Güncel

Alparslan Kuytul Hocaefendi’nin Açılış ve Hasbihal Konuşmasından Notlar

Paylaş:

Değerli Okurlarımız, 30 Ocak 2018 tarihinde Furkan Vakfı Genel Merkez binasına yapılan şafak baskını sonrasında vakıf binası kayyuma teslim edilmişti. Bina kayyumun elinde kullanılamaz hale gelmiş olup Furkan Hareketi mensuplarının çabasıyla kısa sürede yeniden hayata döndürüldü ve 6 yıl sonra 30 Ocak 2024 tarihinde Furkan Nesli Dergisi Genel Merkez binası olarak açıldı. Başyazarımız Alparslan Kuytul Hocaefendi dergi binamızın açılış programında gelen misafirler ve talebeleriyle hasbihal programı gerçekleştirdi. Bu hasbihalden önemli noktaları siz değerli okurlarımız için derledik.

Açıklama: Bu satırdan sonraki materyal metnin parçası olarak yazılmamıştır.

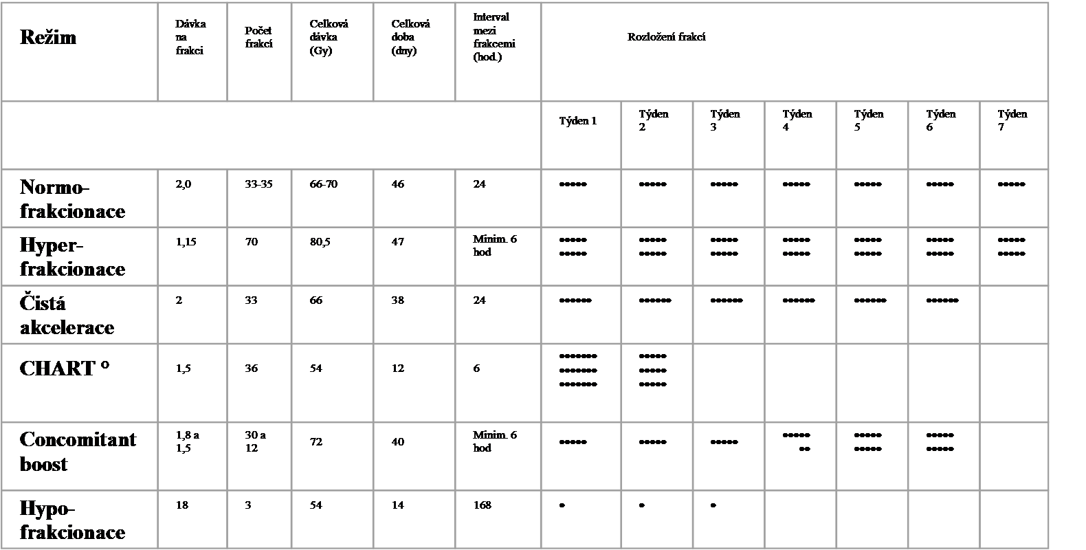 Tabulka - Typy frakcionačních režimů. ° Continuous hyperfractionated accelerated radiotherapy Radiobiologickým podkladem alternativních frakcionací jsou odlišné charakteristiky nádorové a zdravé tkáně z hlediska vlastní radiosenzitivity buněk (dané jejich schopností reparovat poškození způsobená ozářením), rychlosti růstu a růstové fázi buněk, oxygenace a schopnosti akcelerované repopulace kmenových buněk. V praxi se tyto režimy využívají v následujících situacích:

Kur’an-ı Kerim: “Her zorlukla beraber bir kolaylık var”1 buyurmaktadır. Zor günler gelirse kolay günlerin gelmeyeceğini, kolay günlerde de artık hiç zor günlerin gelmeyeceğini zannetmeyin çünkü ikisi beraberdir. Bir zorluk yaşıyorsanız mutlaka bazı kolaylıklar da yaşıyorsunuzdur. Hangi yol yokuşsuzdur ki? Mademki dava haktır, o halde başımıza gelenlere ne üzülürüz ne de ümidimizi kaybederiz. Çünkü Allah varsa ümit vardır. Bu hareket de Allah rızası için mücadele vermektedir, dolayısıyla yardımcımız Allah’tır.

Ne yazık ki bazıları bu mücadelede yerini alamayacaktır. Kur’an-ı Kerim: “O, akabeyi yani sarp yokuşu göze alamadı. Sarp yokuşun ne olduğunu sen bilebilir misin? O bir boynu kurtarmaktır”2 buyurmaktadır. Allah Azze ve Celle bir kimsenin kurtuluşu için dahi olsa bunu göze alamayanı kınamaktadır, bir neslin kurtarılmasını göze alamayanlar da kınanmayı hak etmektedirler. Yol uzundur; bu yolda tepe var, dağ var, nehir var belki deniz var. Yol uzundur; yol uzayınca ümit azalır, konuşan çoğalır ve korkanlar artar. Fakat bu şekilde insanların kalitelisi ve kalitesizi, sabırlısı ve sabırsızı birbirinden ayrılır. Mücadele ehliyle akabeyi göze alamayanlar bu şekilde ortaya çıkar. Böylece elmasla kömür birbirinden ayrılır.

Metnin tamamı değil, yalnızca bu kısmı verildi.